I suspect that electronics manufacturers include in-line fuses because the typical boater installs more than one device on a single switched/fused circuit. Hence the need for individual circuit protection. In addition, most electronics come with smaller gauge wires that have limited ampacity and require suitable fuses.

If you wire each device individually to a dedicated fuse block and size the fuse for that device the same as the mfg, then you are not negating the mfg intent. You'll also have easy access to the fuses, and won't be hunting through a mass of wiring to find that in line fuse somewhere. In-line fuse holders are problematic as well. Don't like most of them.

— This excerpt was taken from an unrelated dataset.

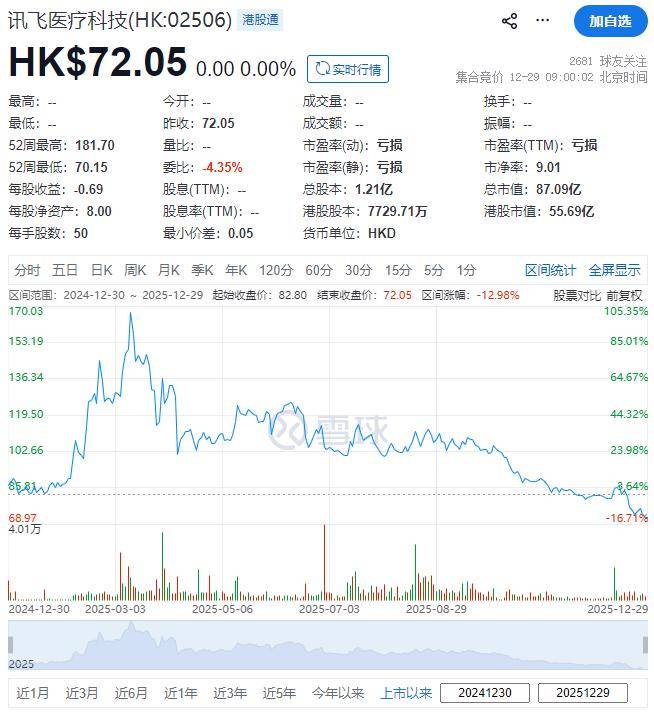 回顾讯飞医疗科技的上市历程,该公司于2024年12月30日在港交所成功上市,当时以每股82.80港元的价格发行了703.55万股h股,成功募资5.83亿港元。截至2025年12月29日收市,公司股价报72.05港元,总市值约为55.69亿港元。尽管市场环境复杂多变,但讯飞医疗科技凭借其强大的技术实力和广阔的市场前景,依然赢得了投资者的广泛关注和认可。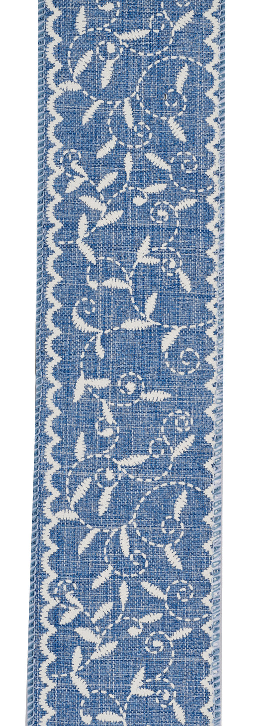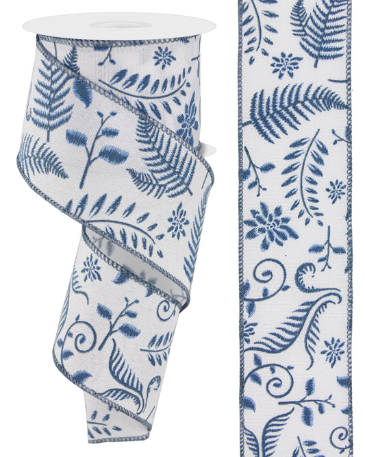 Wired Ribbon * Embroidered Greenery * White, Lt. Blue, Dk. Blue Canvas * 2.5" x 10 Yards * RGE1774WR

I set up a pair of Blue Seas 12-place fuse blocks, each powered by a 30A breaker. Removed all inline fuses and switched each piece of electronics separately, with fuses in the fuse block corresponding to those of the mfg.
All fuses easily accessible, and replaceable with minimal effort.

Not exactly germane to this discussion, but each fuse block is powered from a different battery, and the electronics are split between the two so there is some redundancy. In addition, they can be cross-tied in the event of a failure.

I have two additional 30A breakers supplying the helm with power through a panel of about 20 thermal breakers for helm devices which are then individually switched--wipers, horn, nav lights, panel lights, blower, etc.